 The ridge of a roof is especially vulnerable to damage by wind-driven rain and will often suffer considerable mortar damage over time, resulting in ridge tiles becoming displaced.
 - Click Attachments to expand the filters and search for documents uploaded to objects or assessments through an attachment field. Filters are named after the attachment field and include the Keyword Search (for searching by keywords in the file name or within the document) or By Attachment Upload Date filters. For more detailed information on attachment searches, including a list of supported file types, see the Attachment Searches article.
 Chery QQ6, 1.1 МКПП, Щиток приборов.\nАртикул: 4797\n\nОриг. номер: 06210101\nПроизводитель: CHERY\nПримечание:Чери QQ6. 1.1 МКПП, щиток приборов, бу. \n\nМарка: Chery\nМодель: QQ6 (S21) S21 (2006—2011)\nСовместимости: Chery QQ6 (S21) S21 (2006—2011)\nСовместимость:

* * *

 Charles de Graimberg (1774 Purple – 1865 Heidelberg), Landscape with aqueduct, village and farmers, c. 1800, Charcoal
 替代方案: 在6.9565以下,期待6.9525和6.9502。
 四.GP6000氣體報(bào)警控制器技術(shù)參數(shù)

==

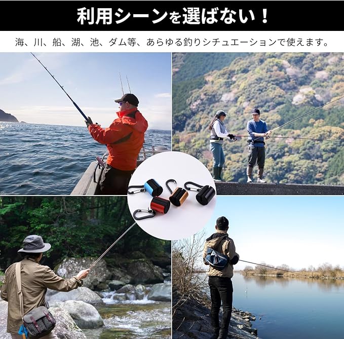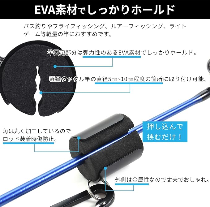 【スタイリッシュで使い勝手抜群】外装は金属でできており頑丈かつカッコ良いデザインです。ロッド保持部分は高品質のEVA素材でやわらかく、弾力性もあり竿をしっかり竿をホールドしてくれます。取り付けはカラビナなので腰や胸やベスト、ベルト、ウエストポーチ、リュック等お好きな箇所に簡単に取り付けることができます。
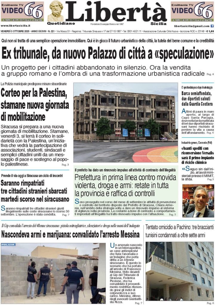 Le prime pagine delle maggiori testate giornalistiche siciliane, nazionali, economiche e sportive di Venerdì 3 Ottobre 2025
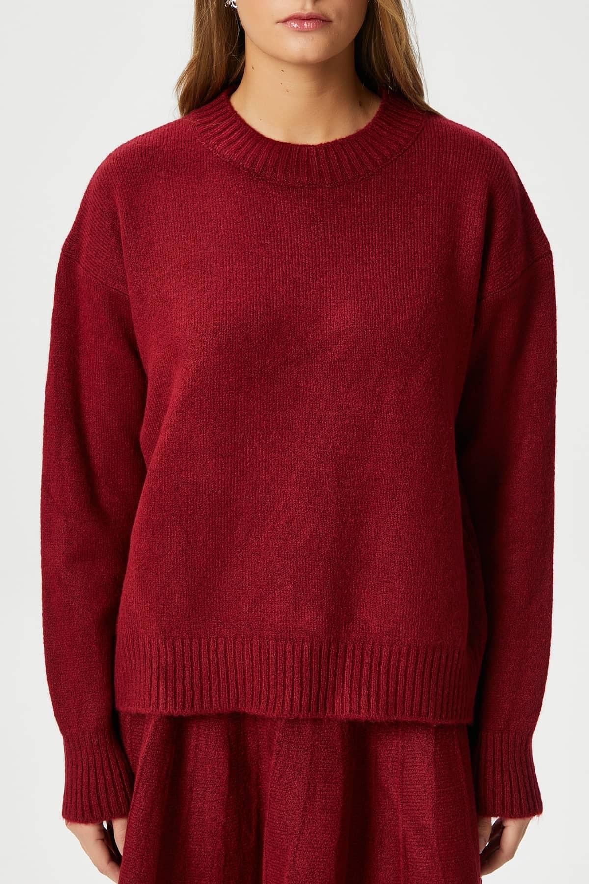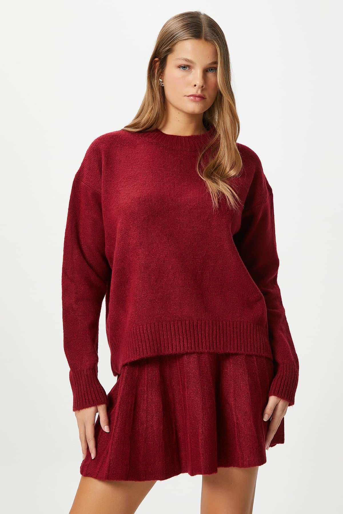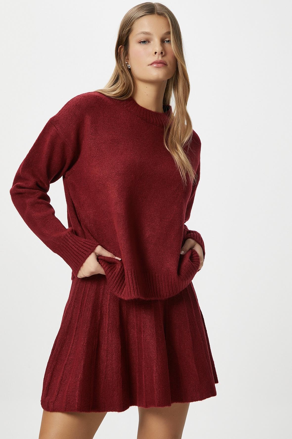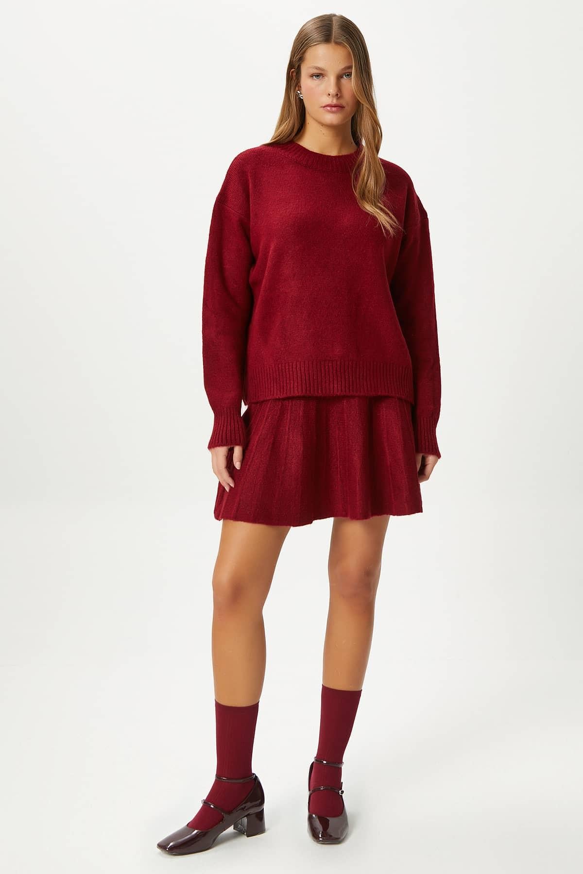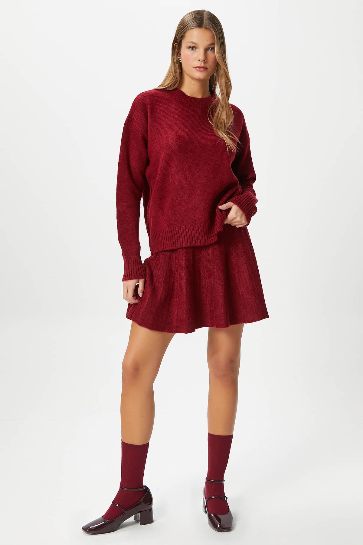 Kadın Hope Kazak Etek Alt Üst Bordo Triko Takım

# Exercise objective:
As the answer, set down only the lines from the data above between the one holding "The ridge of" and the one holding "Chery QQ6, 1.1", inclusive, exactly as they read.

# Exercise output:
 The ridge of a roof is especially vulnerable to damage by wind-driven rain and will often suffer considerable mortar damage over time, resulting in ridge tiles becoming displaced.
 - Click Attachments to expand the filters and search for documents uploaded to objects or assessments through an attachment field. Filters are named after the attachment field and include the Keyword Search (for searching by keywords in the file name or within the document) or By Attachment Upload Date filters. For more detailed information on attachment searches, including a list of supported file types, see the Attachment Searches article.
 Chery QQ6, 1.1 МКПП, Щиток приборов.\nАртикул: 4797\n\nОриг. номер: 06210101\nПроизводитель: CHERY\nПримечание:Чери QQ6. 1.1 МКПП, щиток приборов, бу. \n\nМарка: Chery\nМодель: QQ6 (S21) S21 (2006—2011)\nСовместимости: Chery QQ6 (S21) S21 (2006—2011)\nСовместимость:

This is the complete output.